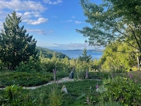 Avis sur l’hébergement Modern retreat with serene canal, forest, and mountain views.
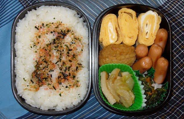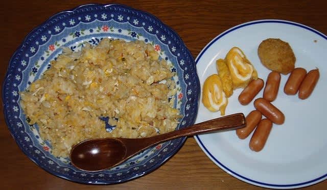 朝食:永谷園の卵チャーハン、お弁当のおかずの残り
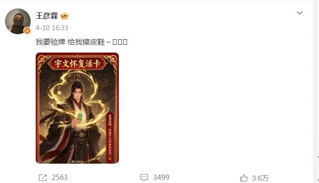 次日他趁势推出“宇文怀回生卡”,标注“可使脚色回生一次”,并配文“过去骂我和如今夸我的是一波东谈主吧”,相关缠绵繁衍出“此次姆妈都备因循!快去看管新剧”等努力梗,单日互动量超百万。

REQUIRED WORK: Print the whole listing above exactly, and keep every picture out of the copy.

THE COMPLETED TASK:
 Avis sur l’hébergement Modern retreat with serene canal, forest, and mountain views.
 朝食:永谷園の卵チャーハン、お弁当のおかずの残り
 次日他趁势推出“宇文怀回生卡”,标注“可使脚色回生一次”,并配文“过去骂我和如今夸我的是一波东谈主吧”,相关缠绵繁衍出“此次姆妈都备因循!快去看管新剧”等努力梗,单日互动量超百万。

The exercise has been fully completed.